HE stained image analysis

We analyzed HE stained slides which were serial sections of the p63 immunohistochemistry slides. Supplemental Figure S1 shows the flowchart of image analysis for HE stained image. All slides were scanned by the WSI scanner (Hamamatsu NanoZoomer 2.0-HT Slide Scanner) at 20x image magnification and are stored on a computer system at the same size and magnification as the p63 immunohistochemistry images. We selected 70 ROIs corresponding to those of the p63 immunohistochemistry images. For the HE image analysis, we applied analysis software made by NEC21,28 that segments the contour of cell nuclei. Note that segmentation on pathology slides is affected by color. In order to do accurate segmentation, we use a different segmentation method for p63 images. First, a trained classifier predicts the RGB color components of the hematoxylin based on the overall color histogram of the ROI. Then all pixels are projected onto the hematoxylin color vector resulting in a grey-level pixel map. Three types of filters are then used to locate nuclei centers. For small and mid-sized dense nuclei, two difference-of-Gaussian (DoG) filters were used, and for large nuclei, a Hough transform filter was used. Using these three filters, the analytical system produces three maps of hematoxylin peak signal which are then aggregated. After non-maxima suppression, polar cross sections were extracted from candidates’ centers. From peaks of Hematoxylin signal on the polar image, the system found the nucleus contour line using the snake line tracking method. As a result, all nuclei on the ROIs are segmented, including epithelial cells, stroma cells, lymphocytes, necrotic nuclei, etc. (Supplemental Figures S1–2). We then manually picked up the myoepithelial nuclei by referencing the corresponding p63 images (Supplemental Figures S1–3). Finally, we measured each identified cell using CellProfiler26 using the same features as the analysis of p63 immunohistochemistry images.

Classification system

Classification was performed using Support Vector Machines (SVM)29 with Radial Basis Function (RBF) kernel using the LIBSVM30 package. First, we randomly split the data into a training (70%) and test set (30%). Next, we normalized the features across the training set (mean-centered, variance-scaled). The SVM hyper-parameters (C and γ of the RBF kernel) were calibrated using a grid search. We then computed the F-score (a measure of discrimination power) of each feature. Although there are correlations between some features, each has its own distinctive meaning rooted in the fields of biology and pathology. Using a feature selection process based on F-score metric31, we verified the usefulness of each features. On Supplemental Figure S2, we show that the combination of all 32 features provides the best accuracy. Finally, we applied the SVM model trained on the training dataset to the test data. This process was done 5 times with different training/test splits. In addition, we also split a total of 22 cases into 21 training cases and 1 test case randomly. This process was done 10 times with different training/test splits.

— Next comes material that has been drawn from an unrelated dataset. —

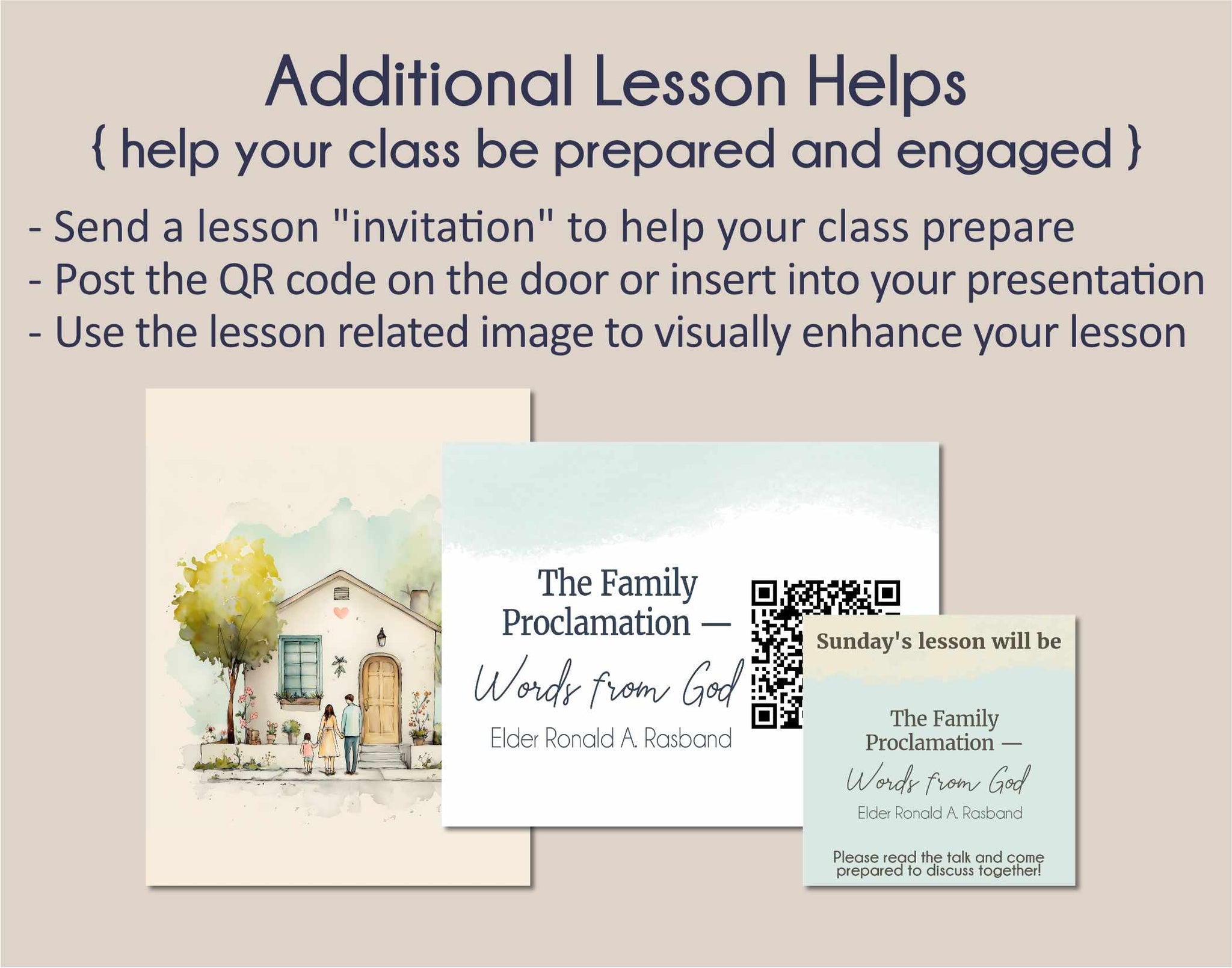 This kit also includes additional lesson helps: printable affirmation quotes, QR code, unique class handouts and a fun lesson “invitation.”

Characterization of morphological heterogeneity based on SVM classification

To characterize the degree of heterogeneity of myoepithelial cells, we computed the spatial distribution of each type of myoepithelial cell classified by the SVM. Figure 1B shows an example of classified myoepithelial cell nuclei: dark blue nuclei shows myoepithelial cells classified as normal group, light blue nuclei as UDH group, light red nuclei as LG-DCIS group and dark red nuclei as HG-DCIS group. A bar graph shows the proportion of each classified cell type in the duct. Proportions of cell types are calculated both per duct and per patient.

Electron microscopy

Fresh breast cancer tissue samples were put immediately into 2.5% glutaraldehyde (pH7.4) and fixed in 1% osmium tetroxide. These fixed samples were treated with a graded series of dehydration and then embedded in epon. Sections 0.1 μm thick were cut, stained with uranyl acetate and lead citrate, and examined with a transmission electron microscope at 60 kV. We observed a total of 584 cells.

Protein interaction search in meta-analytic database

We searched the possible candidate crosstalk molecules using meta-analytic databases: the Human Protein Atlas Database (http://www.proteinatlas.org/)32 and Human Plasma Membrane Receptome database (http://receptome.stanford.edu/hpmr/home.asp)33. First, we searched 1879 proteins which included the key word “receptor” and are expressed on the normal myoepithelial cells in breast. Second, we narrowed down the list to 66 proteins which are predicted to be located on the plasma membrane. Third, we searched the corresponding ligands expressed on the breast luminal cells in Human Plasma Membrane Receptome database. As a result, 27 receptors/ligands couples were selected. Finally, we got 9 receptor/ligand couples after the exclusion of those with low levels of receptor/ligand expression (Supplemental Table S4).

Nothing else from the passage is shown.